Television in the United States
- Network: TBS
- Announcers: Ken Squier, Johnny Hayes, Chris Economaki

Radio in the United States
- Radio: Motor Racing Network

= 1990 Miller Genuine Draft 400 (Richmond) =

22nd race of the 1990 NASCAR Winston Cup Series

The 1990 Miller Genuine Draft 400 was the 22nd stock car race of the 1990 NASCAR Winston Cup Series season and the 33rd iteration of the event.
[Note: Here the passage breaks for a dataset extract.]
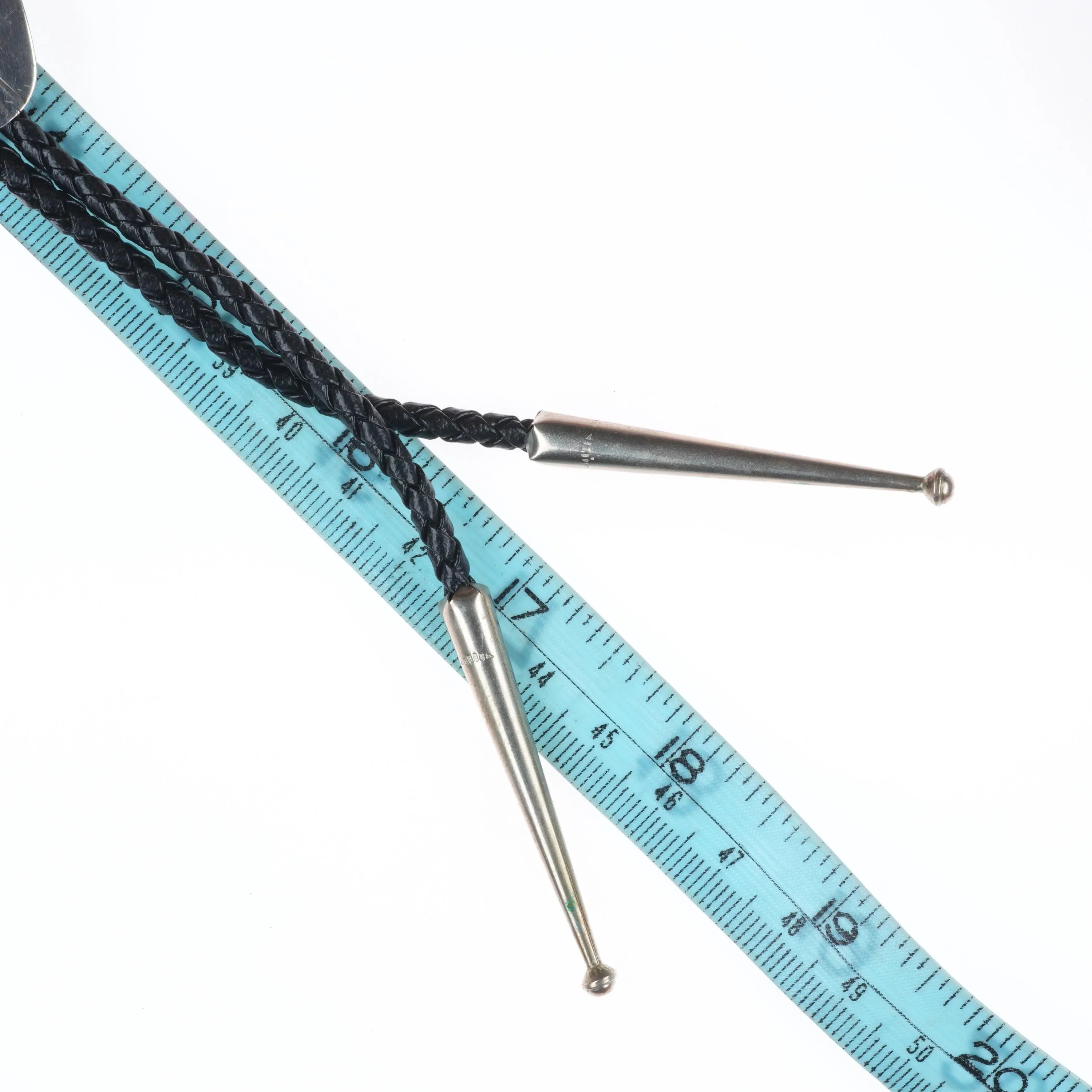 Vintage southwestern sterling silver shell, onyx inlay modernist bolo tie. Tested and guaranteed solid sterling silver slide and tips. Weight and measurements in pictures. Tray is tared out, so weight shown is just the bolo of course. 38" long
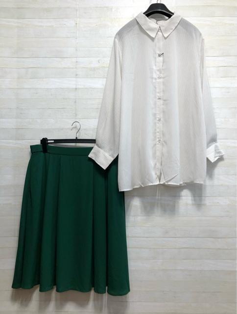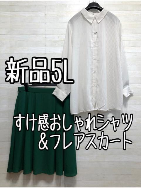 新品☆5L♪後ろステキなシアーシャツ&グリーンきれいスカート☆x912

The race was held on Sunday, September 9, 1990, in Richmond, Virginia, at Richmond International Raceway, a 0.75 miles (1.21 km) D-shaped oval. The race took the scheduled 400 laps to complete. Gambling on fuel strategy, Richard Childress Racing driver Dale Earnhardt would manage to defend the field in a final three-lap restart to the finish to take his 47th career NASCAR Winston Cup Series victory and his eighth victory of the season. To fill out the top three, Roush Racing driver Mark Martin and Hendrick Motorsports driver Darrell Waltrip would finish second and third, respectively.

== Background ==

The layout of Richmond International Raceway, the venue where the race was at.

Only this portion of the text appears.